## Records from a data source
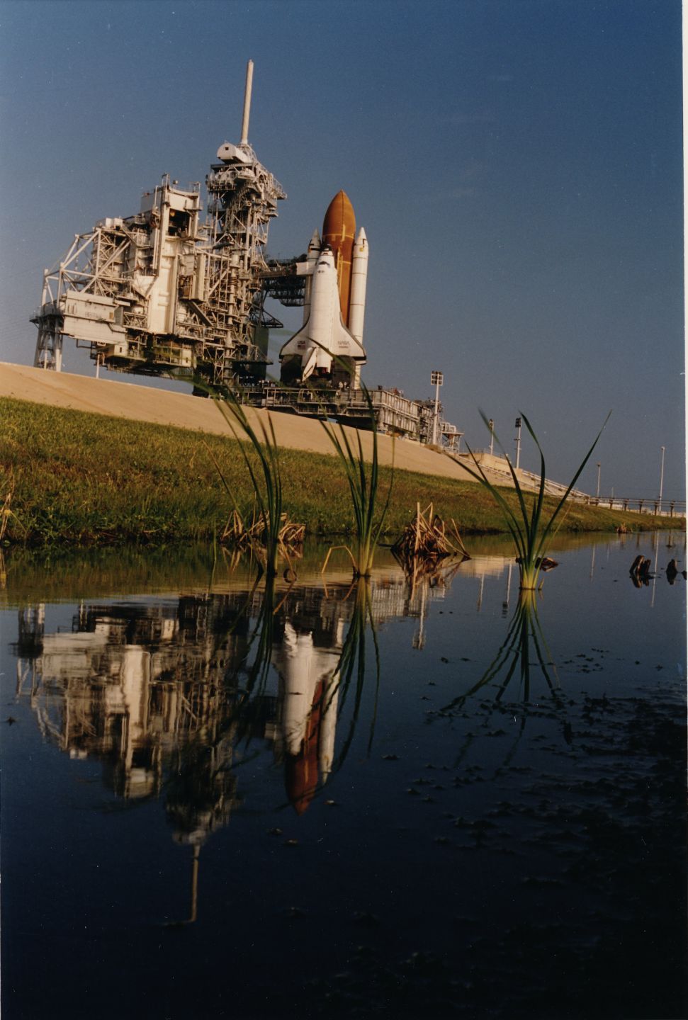 NASA. La navette spatiale ATLANTIS (Mission STS-44) est positionnée au-dessus de la plateforme mobile de lancement 39A suite à un voyage de 6 heures du bâtiment d'assemblement de la navette spatiale. 24 octobre 1991. Tirage chromogénique d’époque sur papier : « THIS PAPER MANUFACTURED BY KODAK ». Logo NASA et légende tapuscrite au dos. 25,2 x 20,3cm avec marges.
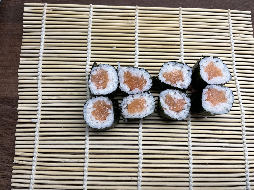 For the maki rolls I use half sheets and leave a bit of sheet on the top to have a centered roll.
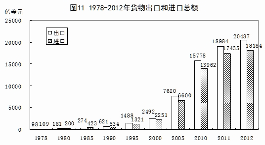 對(duì)外貿(mào)易總量不斷攀升。改革開放初期,我國對(duì)外經(jīng)濟(jì)交流活動(dòng)十分有限,再加上國內(nèi)市場(chǎng)化水平不高,造成了與國際市場(chǎng)相對(duì)隔絕的狀態(tài)。1978年,我國貨物進(jìn)出口總額只有206億美元,世界排名第29位,1988年突破了1000億美元,1994年突破了2000億美元,1997年突破了3000億美元,2004年又突破了1萬億美元大關(guān),2012年,貨物進(jìn)出口總額已達(dá)到38671億美元,比1978年增長186倍,年均增長16.6%,僅次于美國,位居世界第二位;貨物出口總額20487億美元,增長209倍,年均增長17.0%,居世界第一位;貨物進(jìn)口總額18184億美元,增長166倍,年均增長16.2%,居世界第二位。2012年,我國貨物出口總額和進(jìn)口總額分別占世界的11.2%和9.8%。
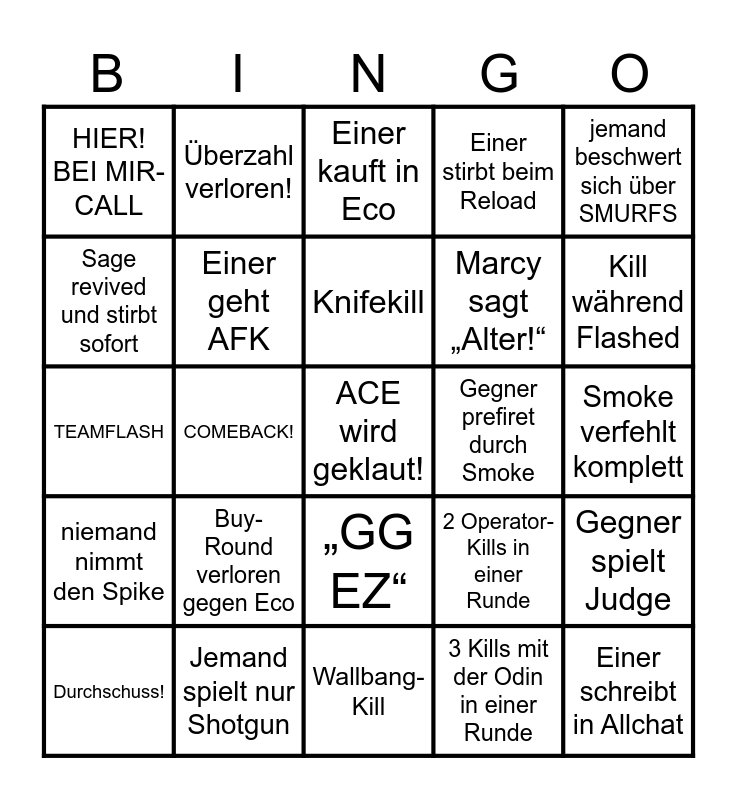 This bingo card has a free space and 24 words: Durchschuss!, Buy-Round verloren gegen Eco, Knifekill, 3 Kills mit der Odin in einer Runde, jemand beschwert sich über SMURFS, HIER! BEI MIR- CALL, Überzahl verloren!, Einer kauft in Eco, Gegner prefiret durch Smoke, Smoke verfehlt komplett, TEAMFLASH, Einer geht AFK, 2 Operator-Kills in einer Runde, Gegner spielt Judge, Sage revived und stirbt sofort, Jemand spielt nur Shotgun, Wallbang-Kill, Einer stirbt beim Reload, Kill während Flashed, niemand nimmt den Spike, COMEBACK!, „GG EZ“, Marcy sagt „Alter!“ and Einer schreibt in Allchat.
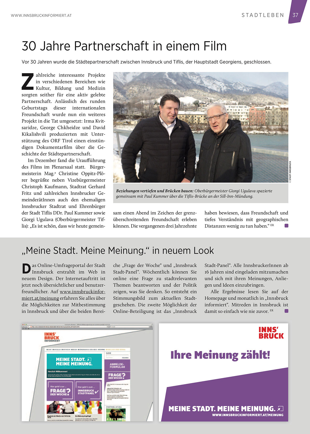 vor 30 Jahren wurde die Städtepartnerschaft zwischen innsbruck und Tiflis, der hauptstadt Georgiens, geschlossen.
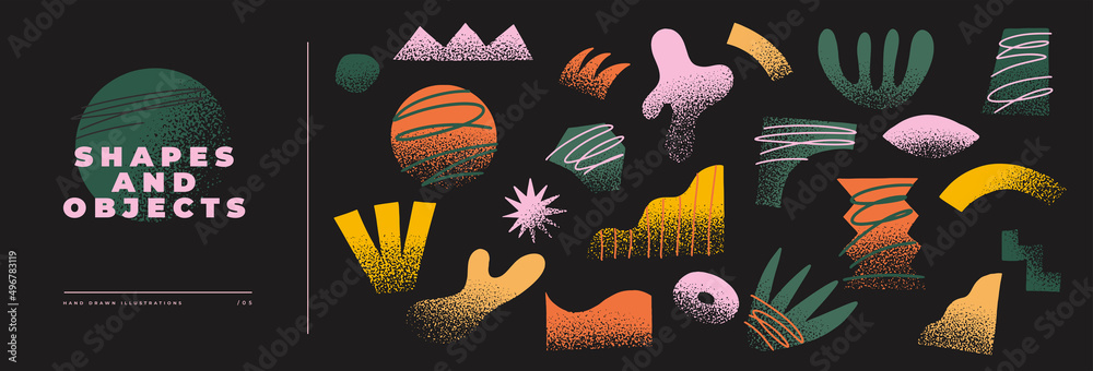 Collection of abstract graphic forms on a dark background - minimalist elements in the style of moderWall mural
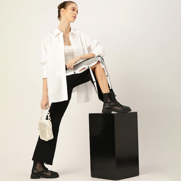 Black side striped knitted mid-rise track pants, has an elasticated waistband with drawstring closure, one back pocket, snap button closure on the side
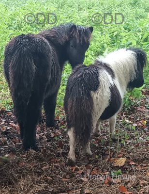 2024 red skewbald colt, miniature, very friendly future child best friend, Halstock /Kerswell lines, £650. 2021 black Standard mare, just had 1st foal weaned, HOYS quality, ready to go on to any sphere, easily broken in, extremely well handled all round, flashy, pretty, £1,250.
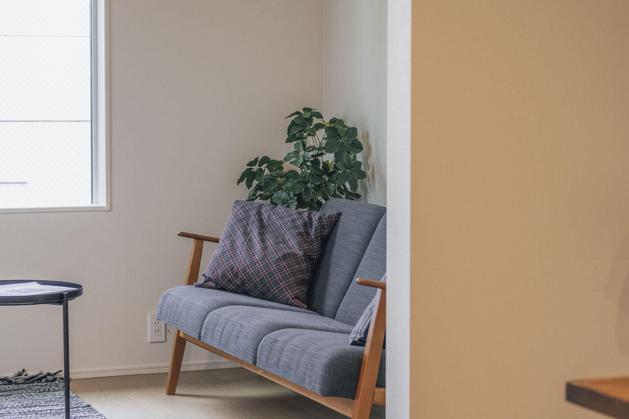 狭小地だからこそ活きる、無駄のない設計。間仕切りの一部を格子と柱にしているので、 お父さんはリビングでテレビ鑑賞-お子さんはスタディスペースで勉強-お母さんはキッチンで夜ご飯の支度と、家族が一つの空間でお互いの空気を感じることができます
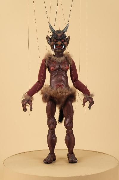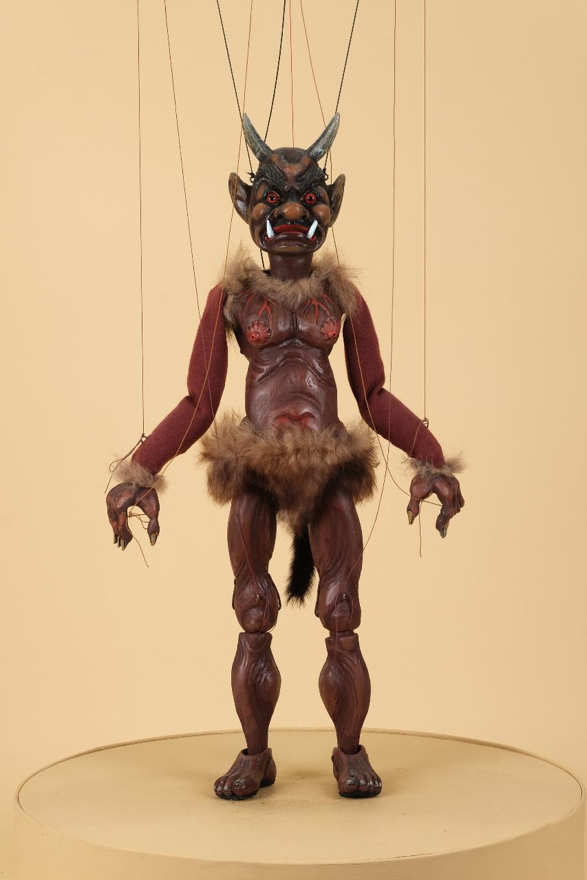 La marionetta raffigura il personaggio di un diavolo e fa parte di un gruppo di tre figure similari. Il corpo è interamente articolato e scolpito evidenziando le parti anatomiche con caratteri orrorifici. Il volto riporta un ghigno serrato con denti a zanna. Il naso è tondo e pronunciato, mentre le sopracciglia folte ed inarcate fan da contorno agli occhi animaleschi in vetro rossiccio, incastonati. Le orecchie sono pronunciate appuntite. Ad accentuare l'aspetto diabolico del carattere, dal cranio spuntano due corna costolute ed affilate, ricurve verso l'alto. Le braccia in tessuto imbottito, ricoperto di maglina di cotone marrone, terminano con mani mobili scoplite ad artiglio come i piedi. La colorazione dell'insieme è giocata sulle tonalità marroni, bruno rossiccie. Alcuni inserti in pelliccia raccordano il collo, le ascelle ed il bacino oltre a costituire la coda. Il bilancino è a croce.
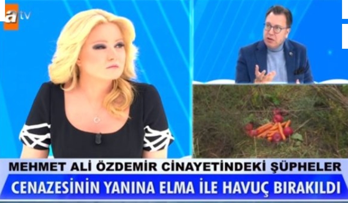 Diğer yandan sır dosyayla ilgili şaşırtıcı bir detay daha gün yüzüne çıktı. Mehmet Ali Özdemir'in cansız bedeninin yanında havuç ve elma bırakıldığı görüldü. Sebzelerin olduğu poşeti Olay Yeri İnceleme ekipleri aldı. O bölgeye domuz, ayı gibi hayvanların geldiğini ve o tarz sebzeleri yediklerini söyleyen bir izleyici: "Belki de cesedi hayvanların yemesini istedikleri için sebzeleri oraya koydular" dedi.Müge Anlı bu detay hakkında: "Ben çok vahşi cinayet gördüm ama bu kadar elmalı havuçlu… İçimi kötü etti. Bunu planlamak bile çok kötü. Bu işin sonunu çok merak ediyorum. Elma ve havucu oraya koyması… Çok cani çok cani... Nasıl böyle bir şey yaparsın" ifadelerini kullandı. Haberimizin devamını okumak için Lütfen sonraki sayfaya geçiniz..
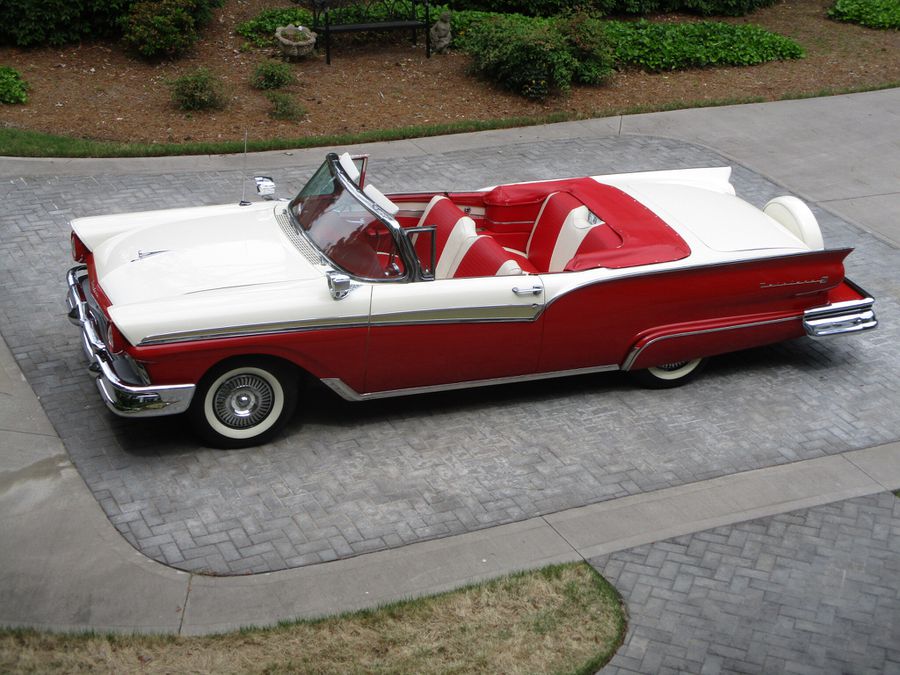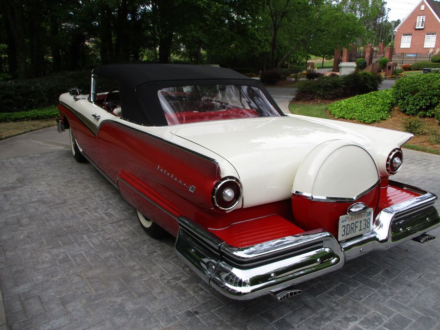 1957 FORD FAIRLANE 500 SUNLINER CONVERTIBLE Finished in Stunning Flame Red (V) over Colonial White (E) with Black Hartz Canvas Convertible Top and Beautiful Red and White Interior
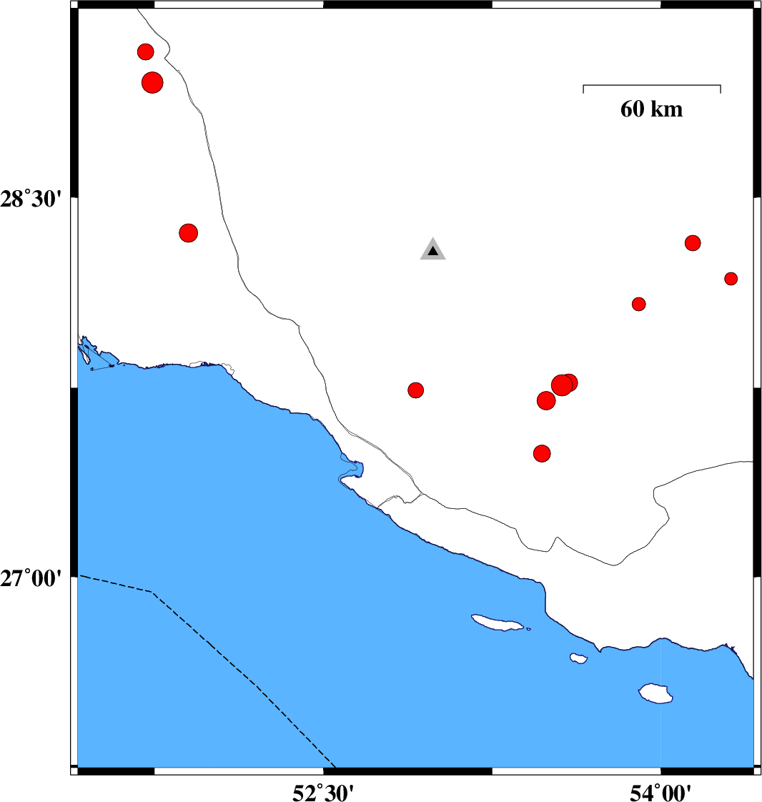2008/01/28 | 01:20:20.3 | 04:50:20.3 | 28.95 | 51.74 | 41 | ML4.3 | 34 km West of Farashband, Fars Province | ||
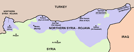 De Facto border of Northern Syria-Rojava (Western Kurdistan)
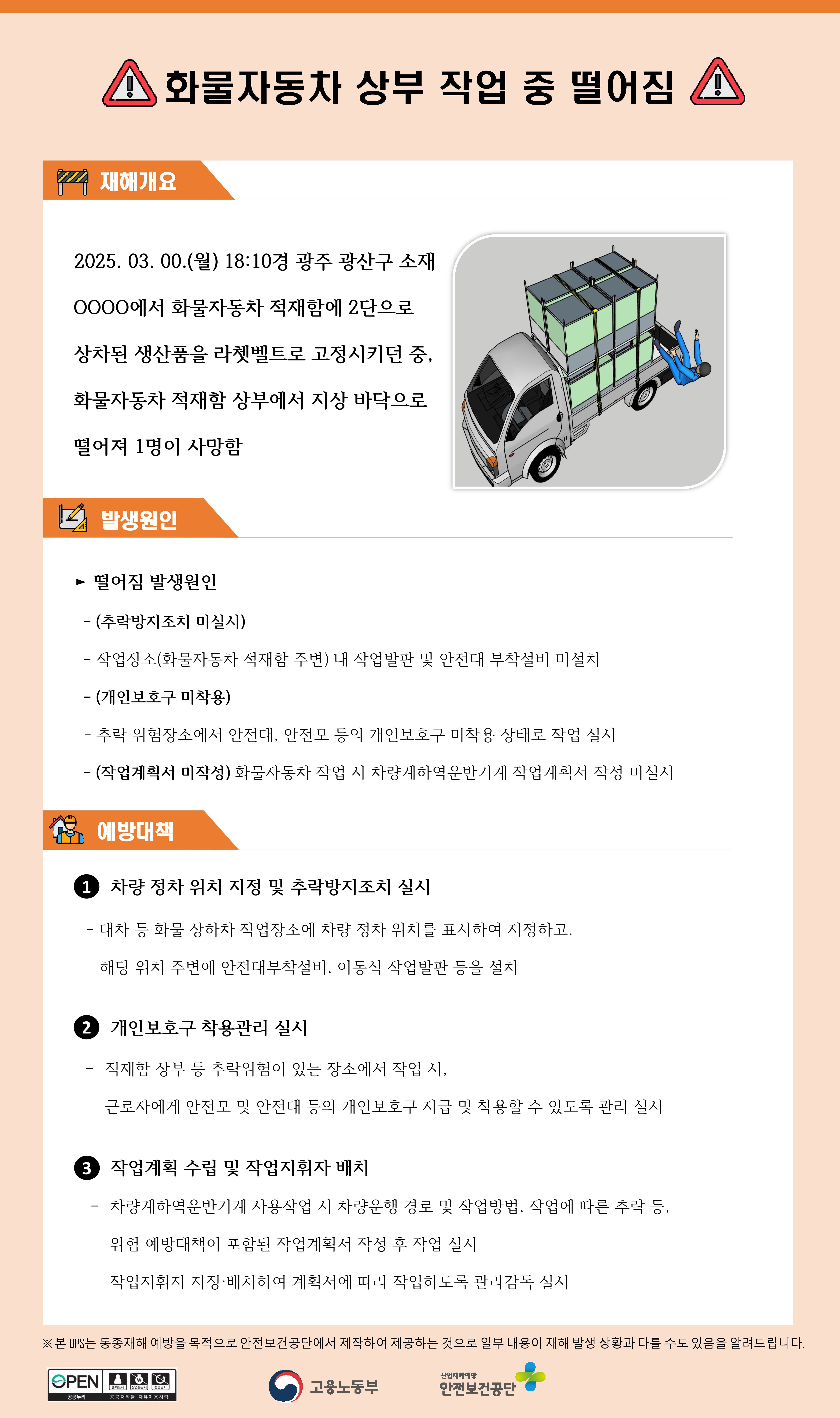 제조업 재해사례 - 화물 자동차 상부 작업 중 떨어짐
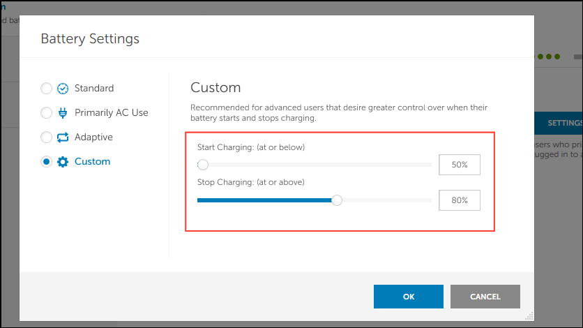 - Then you can set the battery percentage at which your laptop will start and stop charging using the sliders on the right.
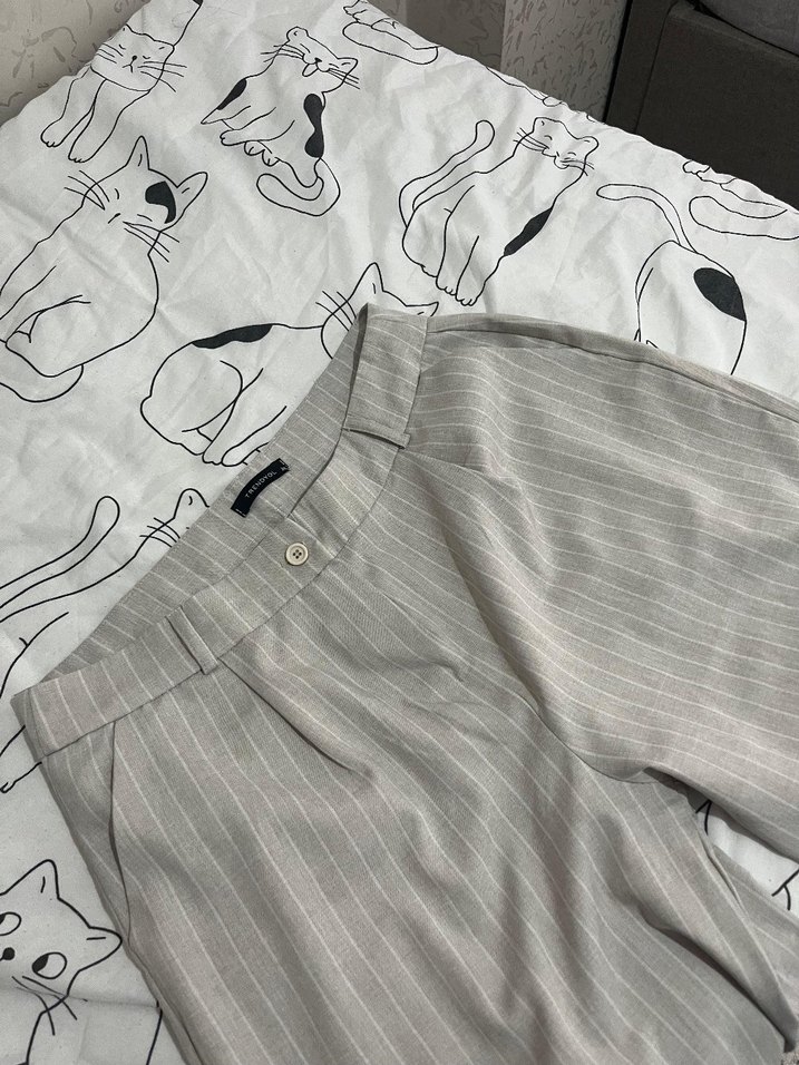 Bej renkli, düğmeli ve ince çizgili keten kumaştan yapılmış, normal boy ve rahat kesim kadın pantolon. Ofis ve günlük kullanıma uygun.
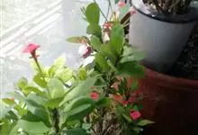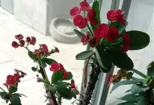 铁海棠为大戟科大戟属蔓生灌木植物;茎多分枝,具纵棱,呈旋转状;叶互生,通常集中于嫩枝上;每个花序基部边缘具微小的红色尖头;苞叶先端圆且具小尖头,无柄,上面鲜红色,下面淡红色;苞片丝状;子房光滑无毛,…全部>>

## EXERCISE DIRECTIONS
Pictures are to be excluded; the records themselves are to be reproduced exactly.

## EXPECTED ANSWER
 NASA. La navette spatiale ATLANTIS (Mission STS-44) est positionnée au-dessus de la plateforme mobile de lancement 39A suite à un voyage de 6 heures du bâtiment d'assemblement de la navette spatiale. 24 octobre 1991. Tirage chromogénique d’époque sur papier : « THIS PAPER MANUFACTURED BY KODAK ». Logo NASA et légende tapuscrite au dos. 25,2 x 20,3cm avec marges.
 For the maki rolls I use half sheets and leave a bit of sheet on the top to have a centered roll.
 對(duì)外貿(mào)易總量不斷攀升。改革開放初期,我國對(duì)外經(jīng)濟(jì)交流活動(dòng)十分有限,再加上國內(nèi)市場(chǎng)化水平不高,造成了與國際市場(chǎng)相對(duì)隔絕的狀態(tài)。1978年,我國貨物進(jìn)出口總額只有206億美元,世界排名第29位,1988年突破了1000億美元,1994年突破了2000億美元,1997年突破了3000億美元,2004年又突破了1萬億美元大關(guān),2012年,貨物進(jìn)出口總額已達(dá)到38671億美元,比1978年增長186倍,年均增長16.6%,僅次于美國,位居世界第二位;貨物出口總額20487億美元,增長209倍,年均增長17.0%,居世界第一位;貨物進(jìn)口總額18184億美元,增長166倍,年均增長16.2%,居世界第二位。2012年,我國貨物出口總額和進(jìn)口總額分別占世界的11.2%和9.8%。
 This bingo card has a free space and 24 words: Durchschuss!, Buy-Round verloren gegen Eco, Knifekill, 3 Kills mit der Odin in einer Runde, jemand beschwert sich über SMURFS, HIER! BEI MIR- CALL, Überzahl verloren!, Einer kauft in Eco, Gegner prefiret durch Smoke, Smoke verfehlt komplett, TEAMFLASH, Einer geht AFK, 2 Operator-Kills in einer Runde, Gegner spielt Judge, Sage revived und stirbt sofort, Jemand spielt nur Shotgun, Wallbang-Kill, Einer stirbt beim Reload, Kill während Flashed, niemand nimmt den Spike, COMEBACK!, „GG EZ“, Marcy sagt „Alter!“ and Einer schreibt in Allchat.
 vor 30 Jahren wurde die Städtepartnerschaft zwischen innsbruck und Tiflis, der hauptstadt Georgiens, geschlossen.
 Collection of abstract graphic forms on a dark background - minimalist elements in the style of moderWall mural
 Black side striped knitted mid-rise track pants, has an elasticated waistband with drawstring closure, one back pocket, snap button closure on the side
 2024 red skewbald colt, miniature, very friendly future child best friend, Halstock /Kerswell lines, £650. 2021 black Standard mare, just had 1st foal weaned, HOYS quality, ready to go on to any sphere, easily broken in, extremely well handled all round, flashy, pretty, £1,250.
 狭小地だからこそ活きる、無駄のない設計。間仕切りの一部を格子と柱にしているので、 お父さんはリビングでテレビ鑑賞-お子さんはスタディスペースで勉強-お母さんはキッチンで夜ご飯の支度と、家族が一つの空間でお互いの空気を感じることができます
 La marionetta raffigura il personaggio di un diavolo e fa parte di un gruppo di tre figure similari. Il corpo è interamente articolato e scolpito evidenziando le parti anatomiche con caratteri orrorifici. Il volto riporta un ghigno serrato con denti a zanna. Il naso è tondo e pronunciato, mentre le sopracciglia folte ed inarcate fan da contorno agli occhi animaleschi in vetro rossiccio, incastonati. Le orecchie sono pronunciate appuntite. Ad accentuare l'aspetto diabolico del carattere, dal cranio spuntano due corna costolute ed affilate, ricurve verso l'alto. Le braccia in tessuto imbottito, ricoperto di maglina di cotone marrone, terminano con mani mobili scoplite ad artiglio come i piedi. La colorazione dell'insieme è giocata sulle tonalità marroni, bruno rossiccie. Alcuni inserti in pelliccia raccordano il collo, le ascelle ed il bacino oltre a costituire la coda. Il bilancino è a croce.
 Diğer yandan sır dosyayla ilgili şaşırtıcı bir detay daha gün yüzüne çıktı. Mehmet Ali Özdemir'in cansız bedeninin yanında havuç ve elma bırakıldığı görüldü. Sebzelerin olduğu poşeti Olay Yeri İnceleme ekipleri aldı. O bölgeye domuz, ayı gibi hayvanların geldiğini ve o tarz sebzeleri yediklerini söyleyen bir izleyici: "Belki de cesedi hayvanların yemesini istedikleri için sebzeleri oraya koydular" dedi.Müge Anlı bu detay hakkında: "Ben çok vahşi cinayet gördüm ama bu kadar elmalı havuçlu… İçimi kötü etti. Bunu planlamak bile çok kötü. Bu işin sonunu çok merak ediyorum. Elma ve havucu oraya koyması… Çok cani çok cani... Nasıl böyle bir şey yaparsın" ifadelerini kullandı. Haberimizin devamını okumak için Lütfen sonraki sayfaya geçiniz..
 1957 FORD FAIRLANE 500 SUNLINER CONVERTIBLE Finished in Stunning Flame Red (V) over Colonial White (E) with Black Hartz Canvas Convertible Top and Beautiful Red and White Interior
2008/01/28 | 01:20:20.3 | 04:50:20.3 | 28.95 | 51.74 | 41 | ML4.3 | 34 km West of Farashband, Fars Province | ||
 De Facto border of Northern Syria-Rojava (Western Kurdistan)
 제조업 재해사례 - 화물 자동차 상부 작업 중 떨어짐
 - Then you can set the battery percentage at which your laptop will start and stop charging using the sliders on the right.
 Bej renkli, düğmeli ve ince çizgili keten kumaştan yapılmış, normal boy ve rahat kesim kadın pantolon. Ofis ve günlük kullanıma uygun.
 铁海棠为大戟科大戟属蔓生灌木植物;茎多分枝,具纵棱,呈旋转状;叶互生,通常集中于嫩枝上;每个花序基部边缘具微小的红色尖头;苞叶先端圆且具小尖头,无柄,上面鲜红色,下面淡红色;苞片丝状;子房光滑无毛,…全部>>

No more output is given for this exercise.